**Directions for this task**
Each record should be given again exactly as it appears, with no image included.

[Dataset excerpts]
>>
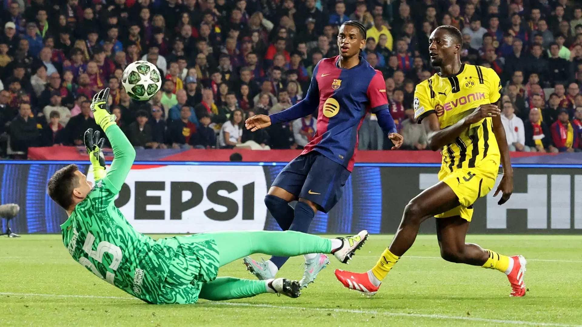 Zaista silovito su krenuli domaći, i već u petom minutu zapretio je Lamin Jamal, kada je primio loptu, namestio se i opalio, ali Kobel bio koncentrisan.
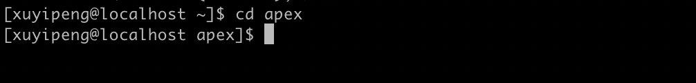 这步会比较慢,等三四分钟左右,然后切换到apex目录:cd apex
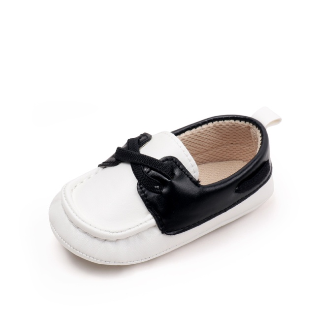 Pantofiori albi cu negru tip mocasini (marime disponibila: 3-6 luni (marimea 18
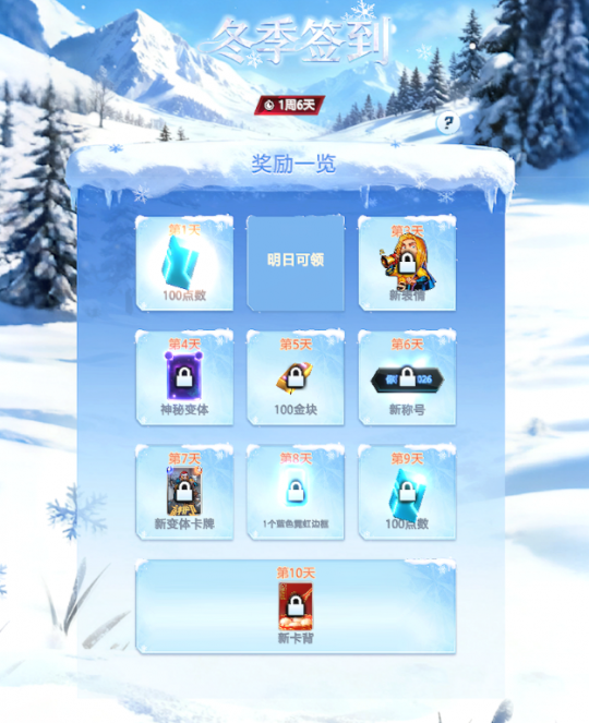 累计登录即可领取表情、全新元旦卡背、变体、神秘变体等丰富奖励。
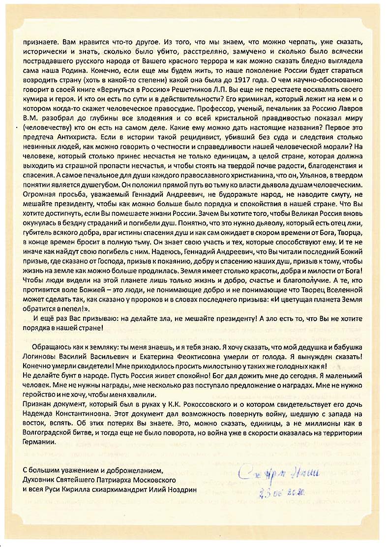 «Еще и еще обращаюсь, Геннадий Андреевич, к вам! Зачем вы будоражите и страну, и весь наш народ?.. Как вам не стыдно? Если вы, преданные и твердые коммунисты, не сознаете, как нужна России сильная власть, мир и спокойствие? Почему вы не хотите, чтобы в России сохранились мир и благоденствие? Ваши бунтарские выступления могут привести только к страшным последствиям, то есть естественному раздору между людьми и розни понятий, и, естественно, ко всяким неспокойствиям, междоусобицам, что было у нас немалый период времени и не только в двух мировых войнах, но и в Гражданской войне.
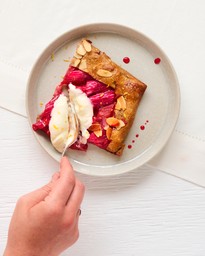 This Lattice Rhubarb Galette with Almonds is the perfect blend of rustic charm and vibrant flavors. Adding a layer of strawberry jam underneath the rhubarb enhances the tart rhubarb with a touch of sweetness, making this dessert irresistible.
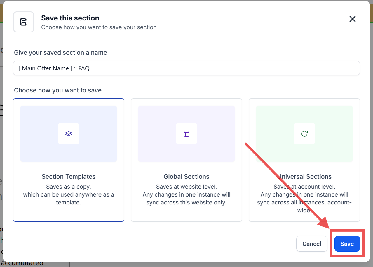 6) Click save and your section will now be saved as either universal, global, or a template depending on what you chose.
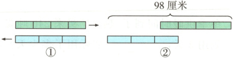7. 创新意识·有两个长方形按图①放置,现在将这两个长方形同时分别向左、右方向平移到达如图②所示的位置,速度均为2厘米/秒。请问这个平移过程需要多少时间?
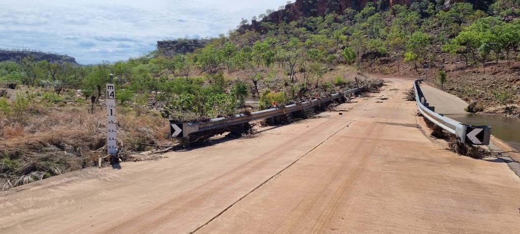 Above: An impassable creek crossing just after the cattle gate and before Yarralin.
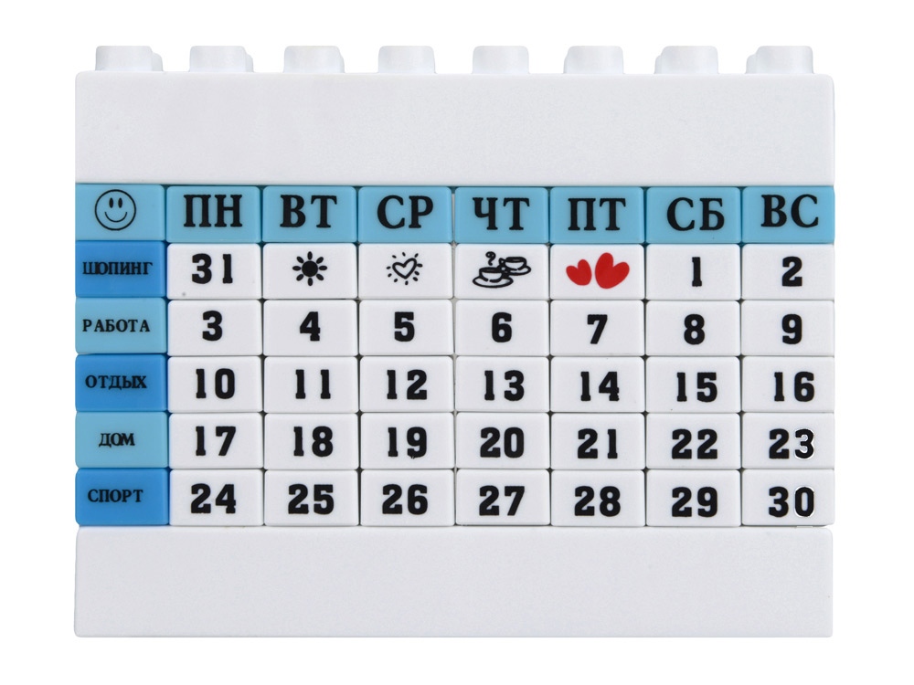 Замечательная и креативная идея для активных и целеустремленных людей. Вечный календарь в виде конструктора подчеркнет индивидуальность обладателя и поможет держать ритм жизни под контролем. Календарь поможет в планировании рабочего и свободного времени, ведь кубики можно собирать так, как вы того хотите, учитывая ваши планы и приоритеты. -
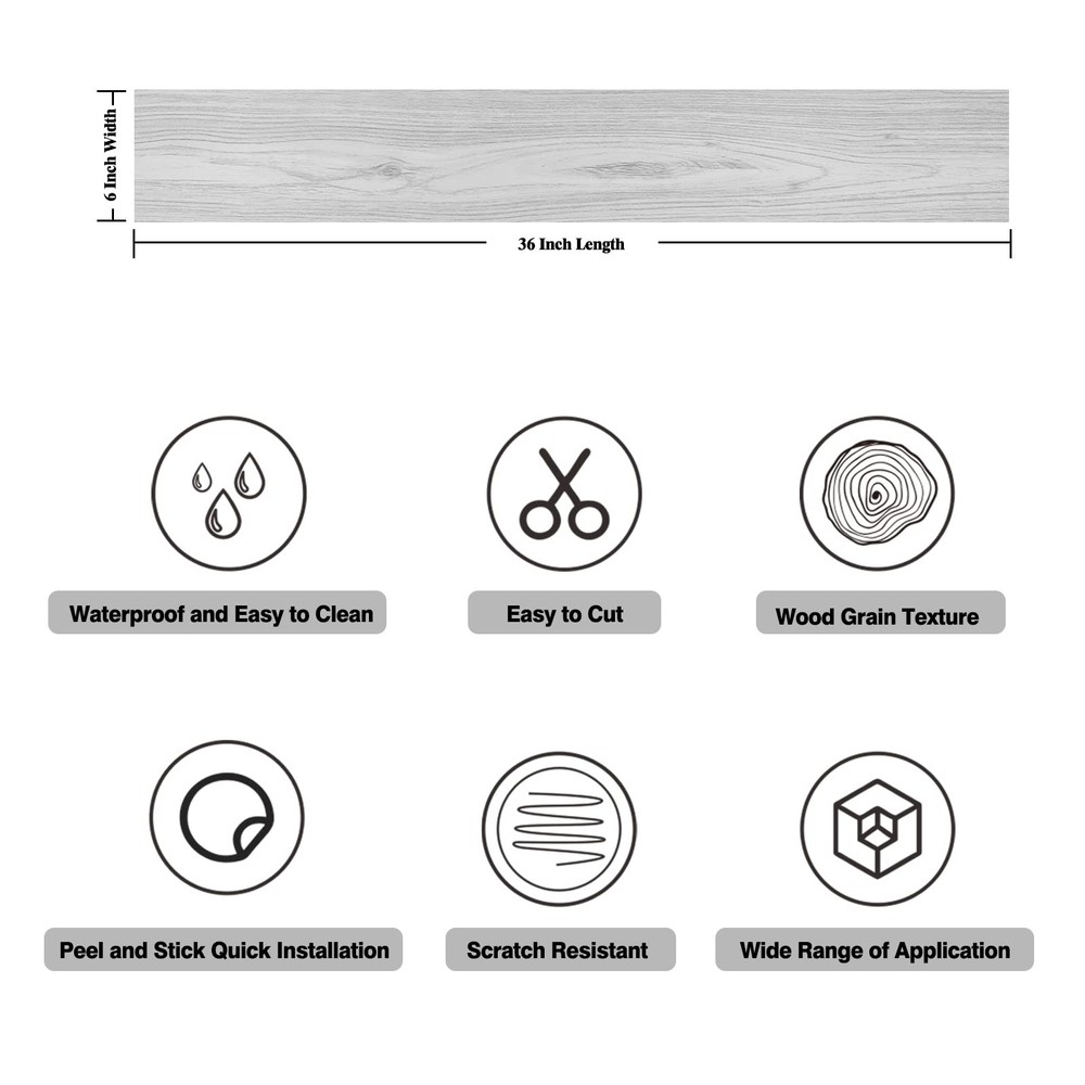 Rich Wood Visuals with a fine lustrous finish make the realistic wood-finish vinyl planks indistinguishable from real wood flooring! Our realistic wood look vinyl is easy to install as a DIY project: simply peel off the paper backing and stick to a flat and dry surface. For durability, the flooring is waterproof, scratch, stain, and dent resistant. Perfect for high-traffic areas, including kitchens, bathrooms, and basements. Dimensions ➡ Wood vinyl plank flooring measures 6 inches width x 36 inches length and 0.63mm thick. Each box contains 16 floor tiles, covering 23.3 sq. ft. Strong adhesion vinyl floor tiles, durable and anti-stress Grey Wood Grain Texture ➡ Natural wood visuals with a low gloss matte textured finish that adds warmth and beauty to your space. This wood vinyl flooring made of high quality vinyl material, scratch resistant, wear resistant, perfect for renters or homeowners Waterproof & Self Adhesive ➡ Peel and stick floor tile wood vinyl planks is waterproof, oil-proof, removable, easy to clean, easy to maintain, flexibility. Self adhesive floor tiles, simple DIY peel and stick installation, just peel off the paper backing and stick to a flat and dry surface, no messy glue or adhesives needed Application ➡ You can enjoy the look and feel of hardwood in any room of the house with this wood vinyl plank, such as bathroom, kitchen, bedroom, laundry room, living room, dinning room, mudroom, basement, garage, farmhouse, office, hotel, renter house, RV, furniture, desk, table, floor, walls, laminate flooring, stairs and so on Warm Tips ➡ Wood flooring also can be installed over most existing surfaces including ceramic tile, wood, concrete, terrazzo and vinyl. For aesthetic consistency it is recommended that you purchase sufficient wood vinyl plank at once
<<
**Exercise result**
 Zaista silovito su krenuli domaći, i već u petom minutu zapretio je Lamin Jamal, kada je primio loptu, namestio se i opalio, ali Kobel bio koncentrisan.
 这步会比较慢,等三四分钟左右,然后切换到apex目录:cd apex
 Pantofiori albi cu negru tip mocasini (marime disponibila: 3-6 luni (marimea 18
 累计登录即可领取表情、全新元旦卡背、变体、神秘变体等丰富奖励。
 «Еще и еще обращаюсь, Геннадий Андреевич, к вам! Зачем вы будоражите и страну, и весь наш народ?.. Как вам не стыдно? Если вы, преданные и твердые коммунисты, не сознаете, как нужна России сильная власть, мир и спокойствие? Почему вы не хотите, чтобы в России сохранились мир и благоденствие? Ваши бунтарские выступления могут привести только к страшным последствиям, то есть естественному раздору между людьми и розни понятий, и, естественно, ко всяким неспокойствиям, междоусобицам, что было у нас немалый период времени и не только в двух мировых войнах, но и в Гражданской войне.
 This Lattice Rhubarb Galette with Almonds is the perfect blend of rustic charm and vibrant flavors. Adding a layer of strawberry jam underneath the rhubarb enhances the tart rhubarb with a touch of sweetness, making this dessert irresistible.
 6) Click save and your section will now be saved as either universal, global, or a template depending on what you chose.
7. 创新意识·有两个长方形按图①放置,现在将这两个长方形同时分别向左、右方向平移到达如图②所示的位置,速度均为2厘米/秒。请问这个平移过程需要多少时间?
 Above: An impassable creek crossing just after the cattle gate and before Yarralin.
 Замечательная и креативная идея для активных и целеустремленных людей. Вечный календарь в виде конструктора подчеркнет индивидуальность обладателя и поможет держать ритм жизни под контролем. Календарь поможет в планировании рабочего и свободного времени, ведь кубики можно собирать так, как вы того хотите, учитывая ваши планы и приоритеты. -
 Rich Wood Visuals with a fine lustrous finish make the realistic wood-finish vinyl planks indistinguishable from real wood flooring! Our realistic wood look vinyl is easy to install as a DIY project: simply peel off the paper backing and stick to a flat and dry surface. For durability, the flooring is waterproof, scratch, stain, and dent resistant. Perfect for high-traffic areas, including kitchens, bathrooms, and basements. Dimensions ➡ Wood vinyl plank flooring measures 6 inches width x 36 inches length and 0.63mm thick. Each box contains 16 floor tiles, covering 23.3 sq. ft. Strong adhesion vinyl floor tiles, durable and anti-stress Grey Wood Grain Texture ➡ Natural wood visuals with a low gloss matte textured finish that adds warmth and beauty to your space. This wood vinyl flooring made of high quality vinyl material, scratch resistant, wear resistant, perfect for renters or homeowners Waterproof & Self Adhesive ➡ Peel and stick floor tile wood vinyl planks is waterproof, oil-proof, removable, easy to clean, easy to maintain, flexibility. Self adhesive floor tiles, simple DIY peel and stick installation, just peel off the paper backing and stick to a flat and dry surface, no messy glue or adhesives needed Application ➡ You can enjoy the look and feel of hardwood in any room of the house with this wood vinyl plank, such as bathroom, kitchen, bedroom, laundry room, living room, dinning room, mudroom, basement, garage, farmhouse, office, hotel, renter house, RV, furniture, desk, table, floor, walls, laminate flooring, stairs and so on Warm Tips ➡ Wood flooring also can be installed over most existing surfaces including ceramic tile, wood, concrete, terrazzo and vinyl. For aesthetic consistency it is recommended that you purchase sufficient wood vinyl plank at once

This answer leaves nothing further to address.